Hubungan Indonesia dan Arab Saudi kembali mengerucut pada satu isu yang sangat dekat dengan jutaan umat Muslim: layanan haji. Dalam pertemuan bilateral di Istana Al-Salam, Rabu (2/7), Presiden Republik Indonesia Prabowo Subianto dan Putra Mahkota Arab Saudi Mohammed bin Salman bin Abdulaziz Al Saud membahas penguatan fasilitas haji, dengan dua topik yang paling menonjol yakni perumahan haji dan Bandara Taibah.
Perumahan Haji Jadi Sorotan Utama
Menteri Agama Nasaruddin Umar mengatakan pembicaraan kedua pemimpin berlangsung dengan fokus yang jelas pada kebutuhan jemaah Indonesia. Menurut dia, Arab Saudi telah memenuhi seluruh permintaan Presiden terkait penyelenggaraan haji, termasuk soal kuota haji. Dari pertemuan itu, terlihat bahwa peningkatan layanan tidak lagi berhenti pada angka kuota, melainkan juga pada kualitas fasilitas yang akan digunakan jemaah selama berada di Tanah Suci.
Prabowo, kata Nasaruddin, menegaskan komitmen Indonesia untuk terus mendorong kenyamanan ibadah jemaah Indonesia. Salah satu pembahasan penting adalah penggunaan Bandara Taibah di Madinah setelah pembangunan perumahan haji selesai. Skema ini dipandang sebagai bagian dari upaya memperlancar arus kedatangan dan pelayanan jemaah agar lebih tertata.
Kerja Sama Strategis Tak Hanya Berhenti di Haji
Selain urusan haji, Indonesia dan Arab Saudi juga sepakat membentuk Dewan Koordinasi Tertinggi sebagai wadah kerja sama strategis di berbagai sektor.

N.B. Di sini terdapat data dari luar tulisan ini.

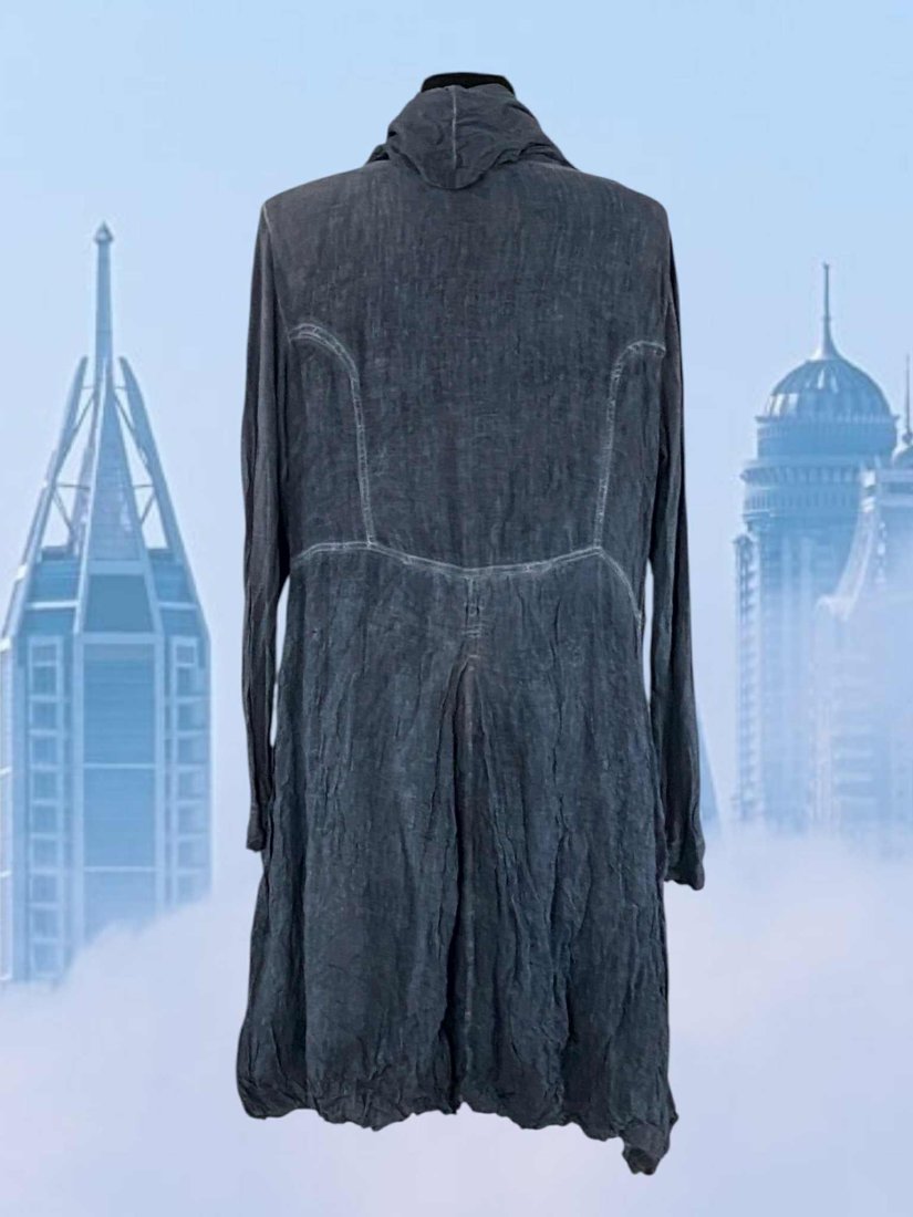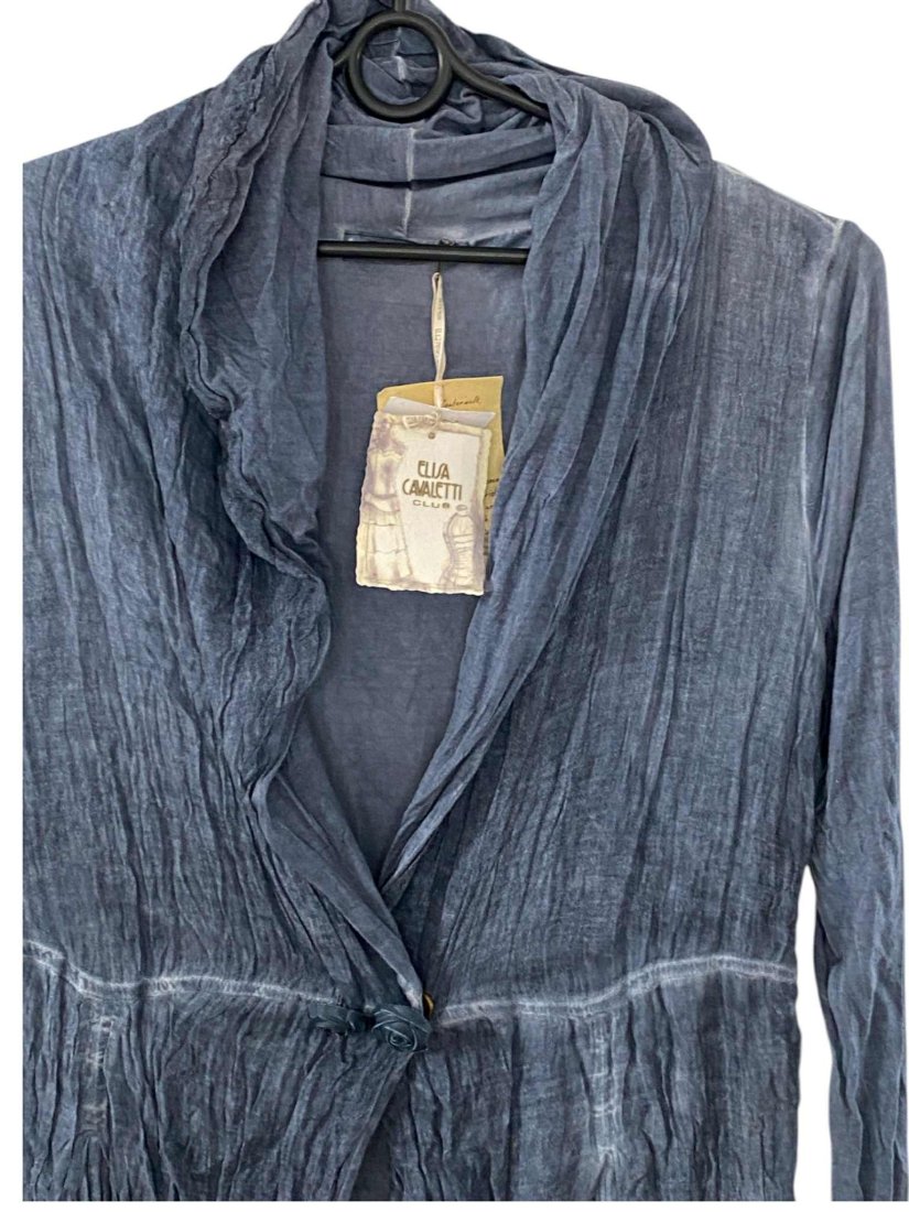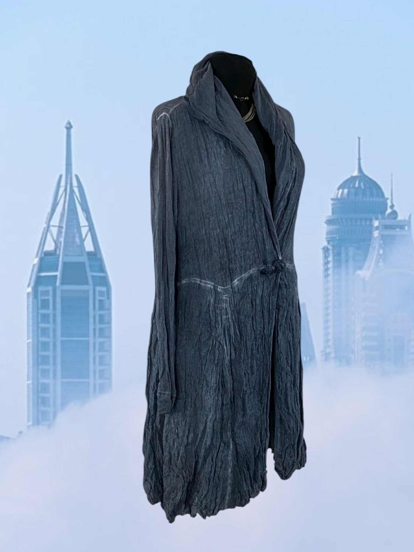 Kardigan / Płaszcz jest dwuwarstwowy. Oba materiały doskonałej jakości: zewnętrzny fajnie pognieciony. Podszewka i rękawy w dotyku jak cienka bawełna. Oba materiały w kolorze niebieskim "farbowany".

Forum ini akan dipimpin langsung oleh Presiden dan Putra Mahkota, menandai naiknya level hubungan bilateral ke arah yang lebih terstruktur dan berkelanjutan.
Pemerintah Indonesia juga berharap Putra Mahkota dapat membantu mempercepat finalisasi perjanjian perdagangan bebas dengan GCC. Harapan itu muncul karena posisi Mohammed bin Salman dinilai memiliki peran kunci dalam struktur kerja sama tersebut. Dengan adanya dewan ini, hubungan kedua negara tidak hanya diproyeksikan lebih erat dalam urusan keagamaan, tetapi juga dalam ekonomi dan kerja sama regional yang lebih luas.